Carolina Fusilier
Imago Station
April 28 - June 6, 2026
Photo by Matthew Sherman
Photo by Matthew Sherman
Súbitamente (Imago Station) diptych, 2025
Oil on hexagonal canvas, metal and speaker
90.55 × 157.48 × 1.96 inches
230 x 400 x 5 cm
P.O.R
Photo by Matthew Sherman
War Song I, 2025
Oil on hexagonal canvas, stainless steel frame
31.50 × 19.68 inches
80 x 50 cm
P.O.R.
Photo by Matthew Sherman
War Song II, 2025
Oil on hexagonal canvas, stainless steel frame
31.50 × 19.68 inches
80 x 50 cm
P.O.R.
In Carolina Fusilier’s latest body of work, Imago Station, Fusilier invites viewers to imagine her paintings as props from an unmade film, blending her painting practice with her instincts for video storytelling.
The work's science fiction ambiance draws inspiration from Jindřich Polák’s 1963 film Ikaria XB-1, a precursor to Stanley Kubrick’s 2001: A Space Odyssey. The narrative follows a ship's crew who discover a frozen 20th-century spacecraft that was inhabited by the wealthy, whose lives ended due to an onboard nuclear weapon. This serves as a cinematic memento mori, a theme personal to Fusilier following her father's passing.
The title Imago references both psychological development and the final stage of insect metamorphosis. This transition between earth and air is mirrored in her work. The large diptych Súbitamente is shaped like a butterfly to evoke a ship’s command panel. Through these poetic and post-human landscapes Fusilier explores themes of transition and lost civilizations.
Carolina Fusilier was born in Buenos Aires, Argentina and lives and works in Oaxaca, Mexico. She is a multidisciplinary artist who explores the physicality of technology, notions of non-linear time and post-human imaginaries at the intersections between organic and mechanical bodies and industrial and domestic settings. Her work takes various forms through moving image, painting, sound and site-specific projects.

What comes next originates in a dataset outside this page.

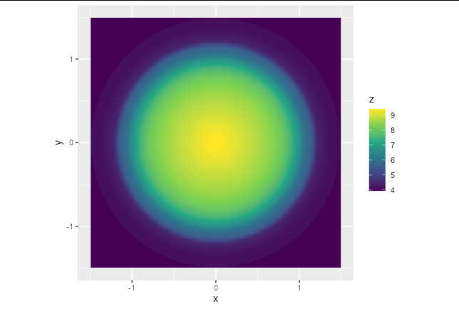 plot_df$z <- df$z[findInterval(plot_df$radius, df$x)]现在,我们可以使用geom_raster绘制结果。

Fusilier studied at the Universidad del Cine in Buenos Aires and completed postgraduate programs at Universidad Torcuato Di Tella (2011), SOMA in Mexico City (2016), and was a guest student at the Düsseldorf Academy under Rita McBride in 2018. Recent solo and two person exhibitions include ¿Cómo se escribe muerte al sur?, Museo Anahuacalli, Mexico City, Mexico (2025); Margot Samel, New York (2025); Isla Eléctrica, PEANA, Mexico City, Mexico (2024); Nuit Blanche, Toronto, Canada (2024); Espejo-Espectro, MALBA, Buenos Aires, Argentina (2024); Corrientes Mercuriales, Museo Jumex, Mexico City, Mexico (2023); Clepsidra, Daniela Elbahara Gallery, Mexico City, Mexico (2021); Kitchen with a View, Locust Projects, Miami, FL (2019); and Angel Engines, Natalia Hug, Cologne, Germany (2018). Selected group exhibitions include Otr’s Mund’s, curated by Aram Moshayedi and Lena Solá Nogué, Museo Tamayo, Mexico City, Mexico (2025);Yendo de la cama al living, curated by Enrique Giner, Salón ACME, Mexico City, Mexico (2025); Breaking up of ice on a river, curated by Lilian Hiob, Casa Ideal, Proyectos Multipropósito, Mexico City, Mexico (2024) and Linhas Tortas, Mendes Wood, São Paulo, Brazil (2023).
She is a 2019 recipient of the Pollock-Krasner Foundation Grant and her first feature film El Lado Quieto (2021), was selected by ACC Cinema Fund, Asia Culture Center, South Korea. Her latest short film Corrientes Mercuriales (2023) premiered that same year at the New York Film Festival, and received a special mention for Best Argentine Short Film at the Mar del Plata International Film Festival, 2023. She is currently working on Sorry For the Late Reply, her second feature as co-director, supported by ACF-BIFF (ACF - Busan International Film Festival, South Korea) and SGIFF SEA-DOC Grant Selection (Singapore International Film Festival). Together with filmmaker Miko Revereza, she forms the collaborative duo Arquitectura Parlante, where they lead film workshops, produce their own films, and are self-managing the beginnings of Cinema Antena, a micro-community cinema space for screenings and workshops in San Agustín Etla, Oaxaca.